How does the letter you posted in any way warrant your claim? Furthermore, was it not Lincoln who said: "To secure to each laborer the whole product of his labor as nearly as possible is a worthy object of any good government."

Anonymous said...

So far as the sentiments expressed by it are personal, they are accepted by him...

...so far as they are NOT 'personal', take your communist piece of crap organization and shove it where the sun don't shine.

MC Fanon said...

You cannot draw that conclusion at all from the letter, as Lincoln's reaction if it is 'not personal' is never stated.

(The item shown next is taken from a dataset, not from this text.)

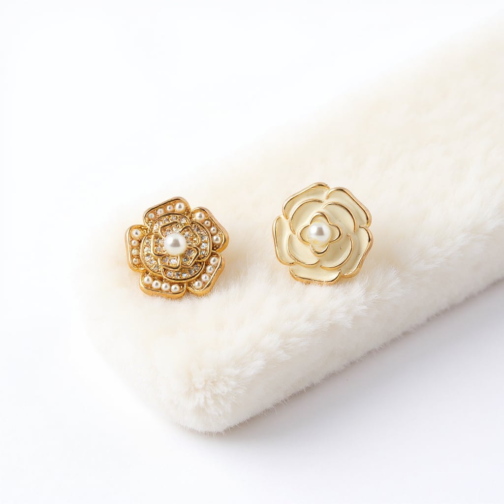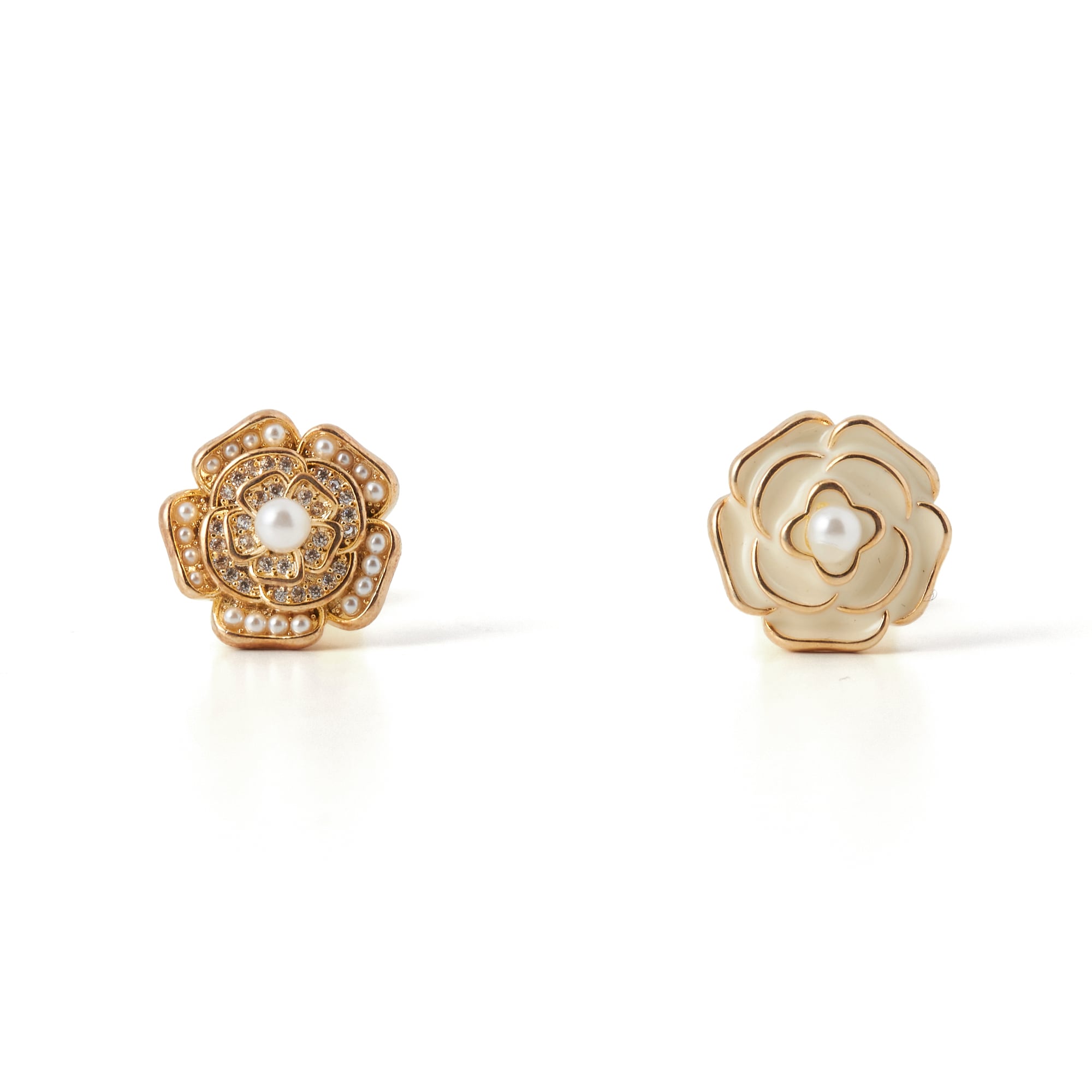 高級感のあるバラのデザインにパールを添えた存在感抜群のイヤリング。

No one is trying to make the claim that Lincoln was a closet communist and that Marx and Lincoln forged a back-room deal. What is being pointed out is that (1) Marx viewed Lincoln and his handling of the civil war/the slave question in a positive light and (2) many of Lincoln's policies during this time were extremely progressive and revolutionary.

Frank Partisan said...

This morning when I saw FJ's post, I wondered did he have a bombshell, to repudiate the post. Instead it was just a neutral reply.

FJ: I agree with Dave's conclusions.

roman said...


This letter is an utterly fascinating and revealing insight into the early stages of the communist construct. The Workingmen's national chapters threw their weight behind a cause that was just and prescient.
It is also revealing that Lincoln was "cautious" in his dealings with this early socialist construct by virtue of his limited acceptance of the encouragement presented.
The phrase So far as the sentiments expressed by it are personal, they are accepted by him... speaks volumes.
Fascinating indeed!

Foxessa said...

Ren -- Am not so sure; Marx was a pretty cranky guy, and doubtless he'd have found enormous problems with the book to which you referred.

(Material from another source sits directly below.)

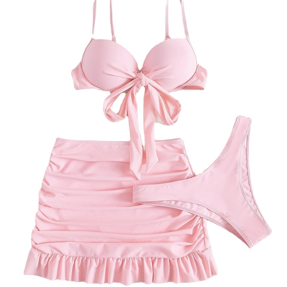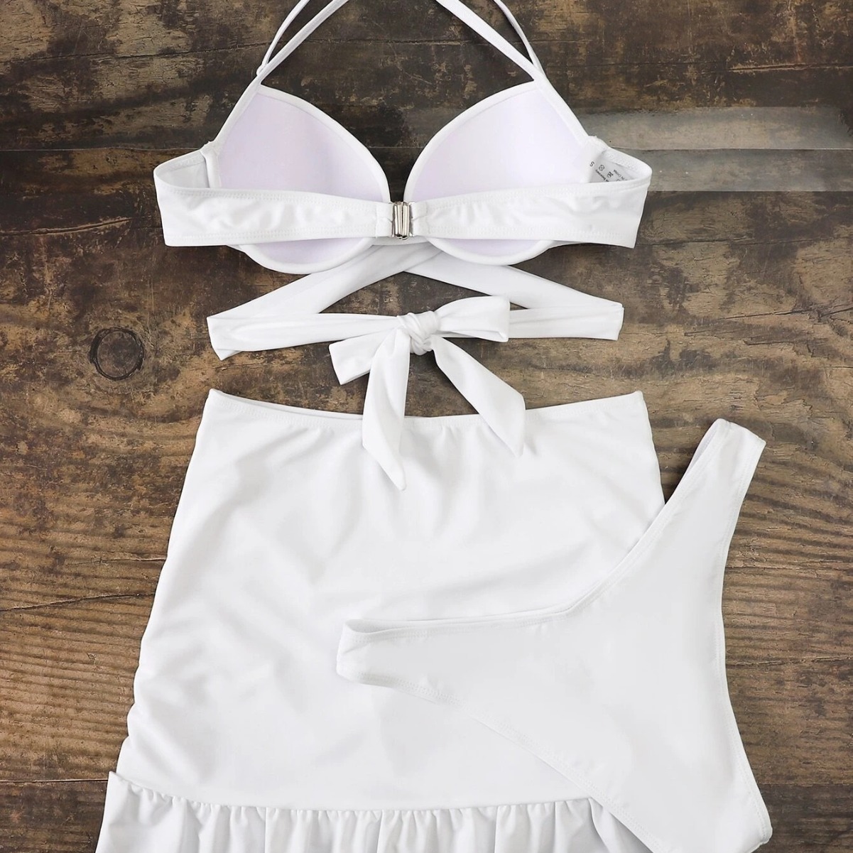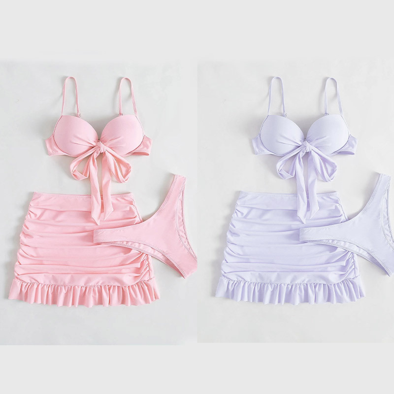 | nameOriginal | 2024 New European and American Split Swimsuit Women's Sexy Solid Color Hard Bag Bikini Lace-up High Waist Skirt Hot Spring Swimsuit |

As for Marxist labor analysis re the the American South and slavery: there is something so inherently different with the U.S. slavery conditions as to make slavery there truly what the Confederacy called it: "Our Peculiar Institution."

There was a psycho-sexual component to slavery in the Old South of the U.S. that you just don't find anywhere else with slavery, and which became part of the dogma of the South, which exists, still today.

Totally creepy -- as opposed to kinky. Sexually creepy. A big component of our national masculine eroticism to this day.

Love, C.

Foxessa said...

P.S. I don't think Jefferson was a great prez at all!

Love, C.

steven rix said...

There were like 300,000 slaves owners in the US, if I have a good memory, for 35 million people. "Slaves" (I hate this word) were working for cotton and sugar, among other activities. During the XIXth century people in the US were not very used to digest sugar and it could give them a huge buz in their head. (physiology changed since then).

steven rix said...

When an oligarchy of 300,000 slaveholders dared to inscribe
Okay I have the same number too.

Frank Partisan said...

Roman: I think Lincoln was incorrectly dismissed by the Black Power Movement of the 60-70s. If you analyze without taking class into account, it is possible.

Foxessa: You are correct about slavery in the south. It's outside of Marx's realm to see it, particularly with atitudes in his time.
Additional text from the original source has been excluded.